● What is needed:
Nothing but the lines below, from the first through the line containing "This image shows", should be set down, each one exactly and without pictures.

(Extracted records)

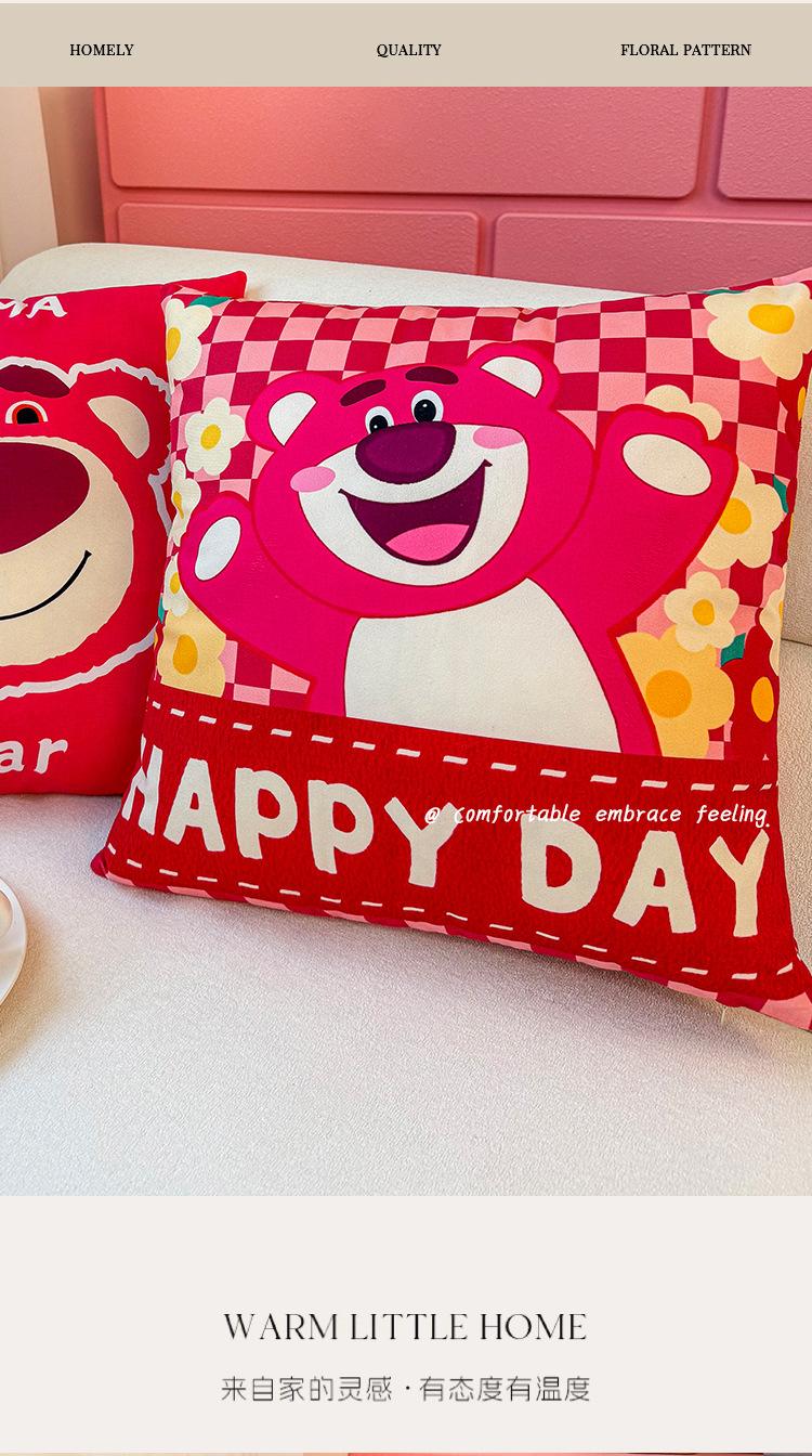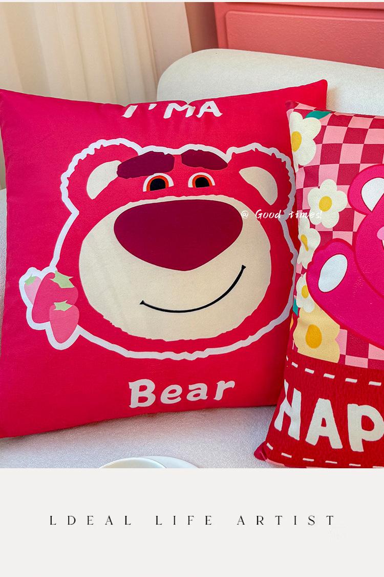 Compra Funda de Almohada de Oso Fresa de Dibujos Animados Estilo Ins Almohada Linda Almohada Dormitorio Estudiantil Sofá Cojín Funda de Almohada al por mayor en Joom.pro
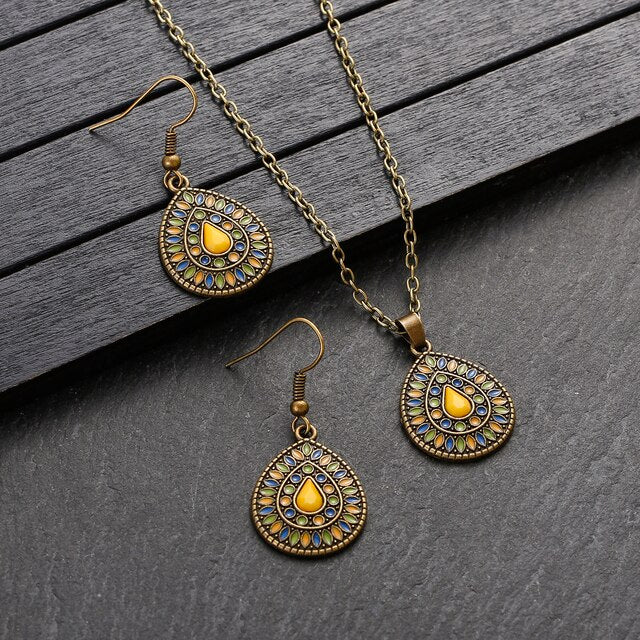Beautiful Yellow Rustic Tear Drop Earring and Necklace Set
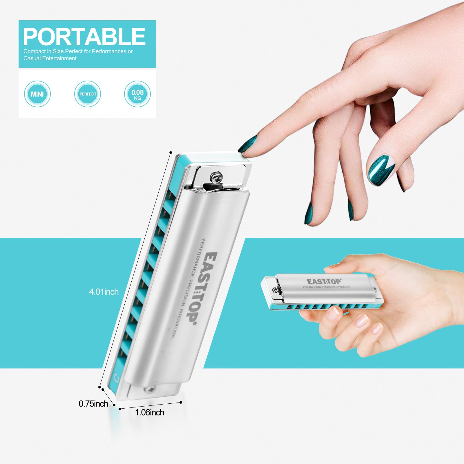 5. El paquete incluye 1x armónica (clave de E); 1x instrucciones y 1x paño de limpieza. Esta armónica es una versión mejorada del T008K, que utiliza una técnica de soldadura por puntos más compleja en el proceso de soldadura del badajo. Por lo tanto, esta armónica puede tocar canciones más hermosas. Somos el fabricante de armónicas de la marca East top.
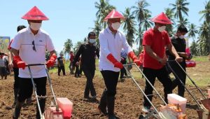 TERASNKRI.COM | MINSEL,SULUT – Bupati Minahasa Selatan Franky Donny Wongkar SH.,yang di dampingi Wakil Bupati Minahasa Selatan Pdt.Petra Yanni Rembang M.Th Menghadiri kegiatan Pencanangan Gerakan Penanaman Jagung Di Kabupaten Minahasa Selatan. Kegiatan tersebut dilaksanakan di Perkebunan Mobongo Amurang Barat (Kamis 22 April 2021)
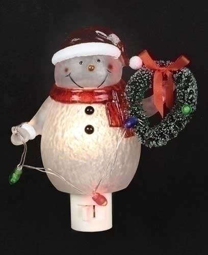 Brighten your holiday décor with this festive Snowman with Wreath Nightlight. Standing 6.5" tall, it features a cheerful snowman holding a holiday wreath, wrapped in a strand of multicolor blinking lights. When illuminated, the playful lights dance with color, adding sparkle and seasonal joy to any space.
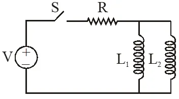 $\left.\mathrm{I}=\mathrm{V} / \mathrm{R}_{(1-\mathrm{e}}^{-\frac{\mathrm{RT}}{\mathrm{L}}}\right)$ where $\mathrm{L}=\frac{\mathrm{L}_{1} \mathrm{L}_{2}}{\mathrm{L}_{1}+\mathrm{L}_{2}}$
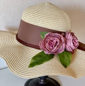 ご予約済・優雅な茶色い幅広リボンの帽子
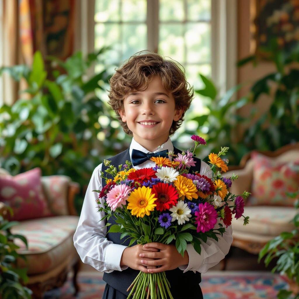 This image shows a smiling boy in elegant clothing holding flowers in a colorful room filled with plants and sofas. The illustration is in a whimsical art nouveau style.
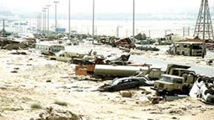 وفي الحادي عشر من عام 1990، ألقى الرئيس الأمريكي الأسبق، جورج بوش خطابًا عبر التلفزيون يهدد فيه باستخدام القوة لطرد الجنود العراقيين من الكويت، بعد سيطرة الجيش العراقي عليها في الثاني من أغسطس عام 1990، وفي اليوم الثامن من نفس العام، قامت العراق بضم الكويت إليها، وإلغاء جميع السفارات الدولية في الكويت، بالإضافة إلى إعلان الكويت المحافظة رقم 19 للعراق وتغيير أسماء الشوارع والمنشآت.
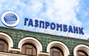 Signboard with the logo of the Gazprombank against the blue sky. Text in russian: Gazprombank
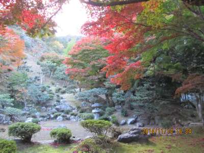 本堂に座して、ご住職夫妻と面談いただきながら眺める山裾を利用した室町時代の紅葉なる庭園はまた格別の絶景である。
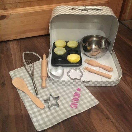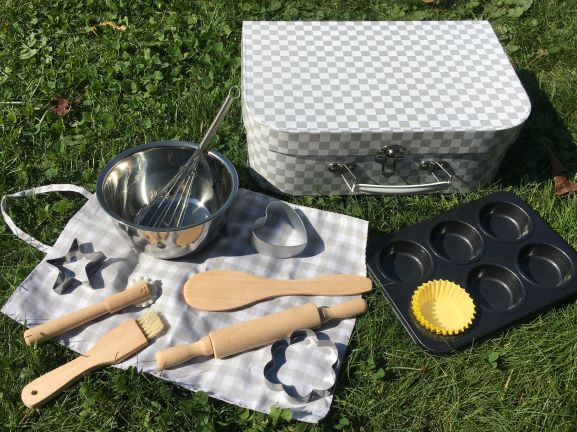 12-teiliges Backset für kleine Bäcker in trendigem Köfferchen verpackt. Da leuchten die Augen der Schleckmäuler
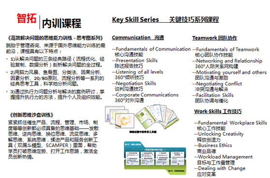 提供管理案例与经验学习的互动教学课堂。包括智拓Key Skills Series课程,以及版权课程"思考图"与创新思维课程。
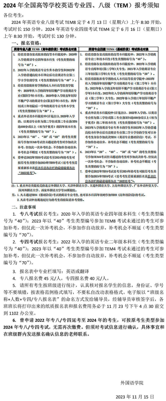 公告-2024年全国高等学校英语专业四、八级(TEM)报考须知--太阳集团tyc539MACAU
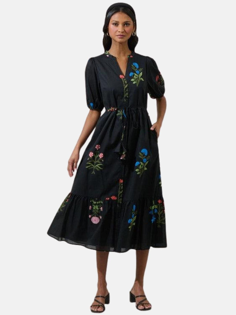 Feminine and timeless, this Floral Button-Down Midi Dress is your go-to for elevated everyday dressing. Featuring an allover floral print and a classic button-down front, this dress balances effortless charm with thoughtful tailoring. A lined waistbelt cinches the silhouette for a flattering fit, while the midi length keeps it versatile for brunches, workdays, or weekend events. Style it with sandals for daytime ease or heels for a polished look.

(End Extracted records)

● The completed task:
 Compra Funda de Almohada de Oso Fresa de Dibujos Animados Estilo Ins Almohada Linda Almohada Dormitorio Estudiantil Sofá Cojín Funda de Almohada al por mayor en Joom.pro
Beautiful Yellow Rustic Tear Drop Earring and Necklace Set
 5. El paquete incluye 1x armónica (clave de E); 1x instrucciones y 1x paño de limpieza. Esta armónica es una versión mejorada del T008K, que utiliza una técnica de soldadura por puntos más compleja en el proceso de soldadura del badajo. Por lo tanto, esta armónica puede tocar canciones más hermosas. Somos el fabricante de armónicas de la marca East top.
 TERASNKRI.COM | MINSEL,SULUT – Bupati Minahasa Selatan Franky Donny Wongkar SH.,yang di dampingi Wakil Bupati Minahasa Selatan Pdt.Petra Yanni Rembang M.Th Menghadiri kegiatan Pencanangan Gerakan Penanaman Jagung Di Kabupaten Minahasa Selatan. Kegiatan tersebut dilaksanakan di Perkebunan Mobongo Amurang Barat (Kamis 22 April 2021)
 Brighten your holiday décor with this festive Snowman with Wreath Nightlight. Standing 6.5" tall, it features a cheerful snowman holding a holiday wreath, wrapped in a strand of multicolor blinking lights. When illuminated, the playful lights dance with color, adding sparkle and seasonal joy to any space.
 $\left.\mathrm{I}=\mathrm{V} / \mathrm{R}_{(1-\mathrm{e}}^{-\frac{\mathrm{RT}}{\mathrm{L}}}\right)$ where $\mathrm{L}=\frac{\mathrm{L}_{1} \mathrm{L}_{2}}{\mathrm{L}_{1}+\mathrm{L}_{2}}$
 ご予約済・優雅な茶色い幅広リボンの帽子
 This image shows a smiling boy in elegant clothing holding flowers in a colorful room filled with plants and sofas. The illustration is in a whimsical art nouveau style.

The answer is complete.